Historia de la Iglesia
“En verdad fuimos preservados”


“En verdad fuimos preservados”

Cuando Martín Guillermo Rivas tenía trece años, su padre murió de cáncer. “A partir de ese momento”, dijo Martín, “el mundo cambió completamente para nosotros”. La madre de Martín, Leticia, se hizo cargo de él y de sus cinco hermanos, pero tuvieron dificultades económicas.

En 1976, Leticia alquiló una habitación a dos misioneros Santos de los Últimos Días. Ese mismo año, la familia se unió a la Iglesia. “Creo que el hecho de haber conocido el Evangelio”, dijo Martín, “literalmente nos salvó la vida”.

Leticia hizo hincapié en la importancia de la educación para sus hijos. El padre de Martín quería que se convirtiera en médico y que dedicara tiempo a cuidar de los pobres. Martín no tenía los recursos para asistir a la escuela de medicina y, en cambio, siguió una carrera en Contabilidad.

Leticia también enseñó a sus hijos a pagar el diezmo cuando era difícil hacerlo. Ellos le preguntaron: “¿Por qué hay que pagar el diezmo si sabes que necesitamos zapatos?”. Ella respondió que sabía que si pagaba el diezmo nunca les faltaría comida en su casa. Martín relacionó la lección de su madre con los tiempos difíciles que enfrentaron los nicaragüenses y la Iglesia local durante y después de la guerra civil de 1979. “Se requería mucha fe de los miembros”, dijo él.

Mientras vivían en Bello Horizonte, Martín y otros jóvenes vigilaban la capilla local, aunque los líderes les dijeron que no se resistieran si una turba intentaba usar la violencia. Una noche, Martín estaba en la capilla cuando llegó uno de esos grupos y lo echaron a él y a los otros jóvenes.

En esa época, los misioneros extranjeros que prestaban servicio en Nicaragua fueron enviados a casa y los miembros locales se hicieron cargo de la obra.

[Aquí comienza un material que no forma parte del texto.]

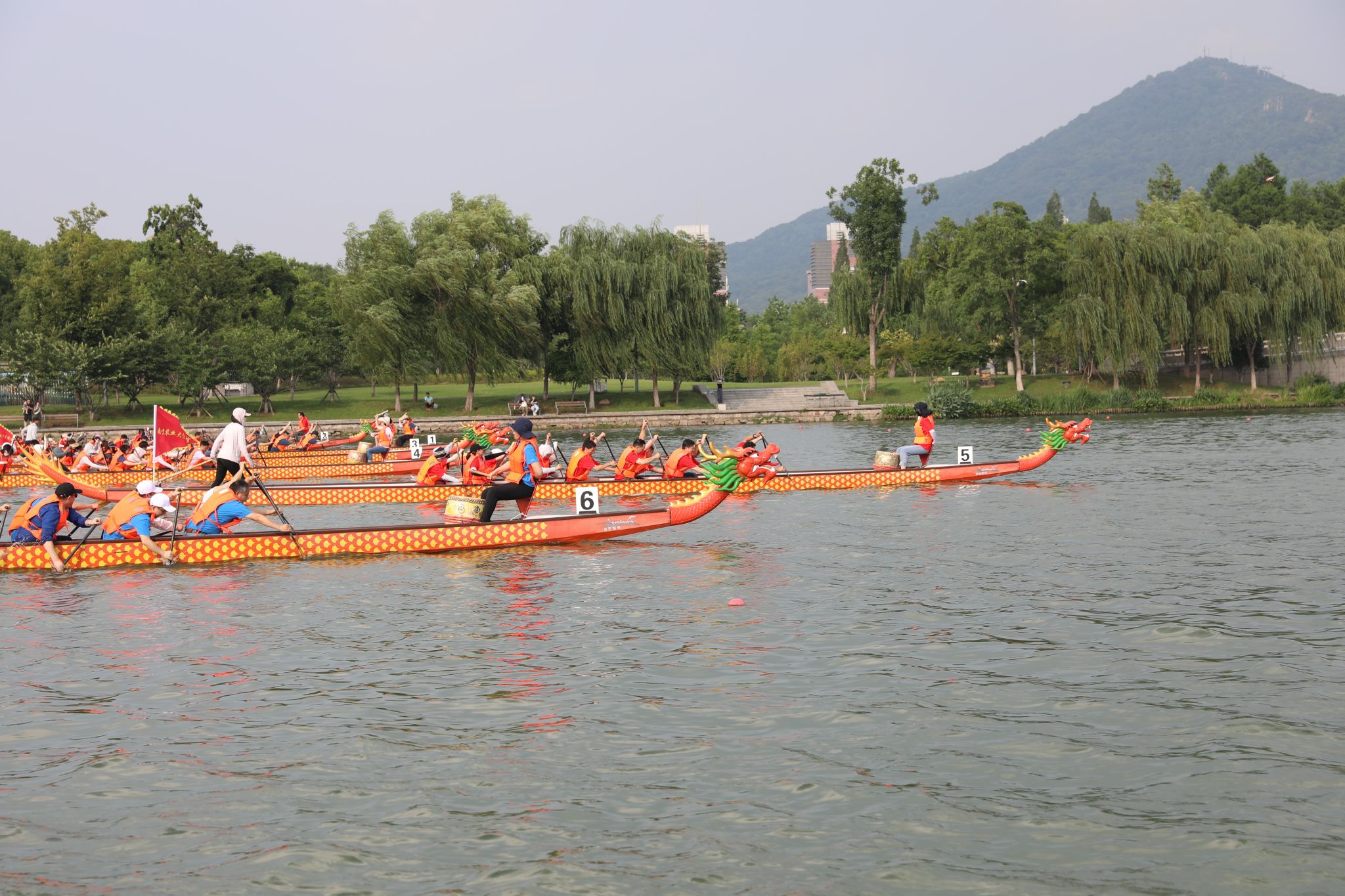 This dragon boat race has 6 waterways with a length of 300 meters. Before the race, professional dragon boat coaches from the dragon boat sports base will provide technical training. Everyone will study diligently and have great interest. With the start of the competition, the six teams competed on the Xuanwu Lake. The team members rowed hard and fought with high morale. The six dragon boats chased each other at full speed. Drums and shouts kept rising. The team from the library of Nanjing Agricultural University (Cultural Heritage Department) made concerted efforts and rowed in a neat and consistent manner, finally winning the first place in the dragon boat race.

Martín prestó servicio como misionero local. Una noche regresaba a casa cargando un voluminoso proyector y se alarmó cuando un vehículo de la Guardia Nacional se le acercó por detrás. Martín estaba sobresaltado porque la Guardia Nacional había estado asesinando a jóvenes que encontraban en las calles dado que sospechaban que eran guerrilleros. El enorme proyector podría verse como explosivos, lo que haría que Martín pareciera una gran amenaza.

Los faros del automóvil proyectaron su sombra en la pared. “No era mi sombra; era la sombra de un adulto y me di cuenta de que por eso no me detuvieron”.

Leticia y Martín también estaban preocupados por el servicio militar obligatorio del Gobierno nicaragüense para los jóvenes en ese momento. No querían que Martín y sus hermanos lucharan en lo que consideraban un conflicto fratricida. Durante un tiempo, se escondieron del llamado al servicio, pero con el tiempo la presión de los oficiales militares se intensificó, lo que provocó que despidieran a Martín del trabajo y la familia se mudó para evitar a los informantes del vecindario.

Cuando el élder Gene R. Cook y el élder Richard G. Scott, del Primer Cuórum de los Setenta, pasaron la noche en la casa de los Rivas durante una visita, Leticia le preguntó al élder Scott qué pensaba que debían hacer. Él prometió a Leticia y a sus hijos que, si prestaban servicio en el ejército y eran obedientes a los mandamientos, sobrevivirían. La promesa se cumplió. “En verdad fuimos preservados”, dijo Martín.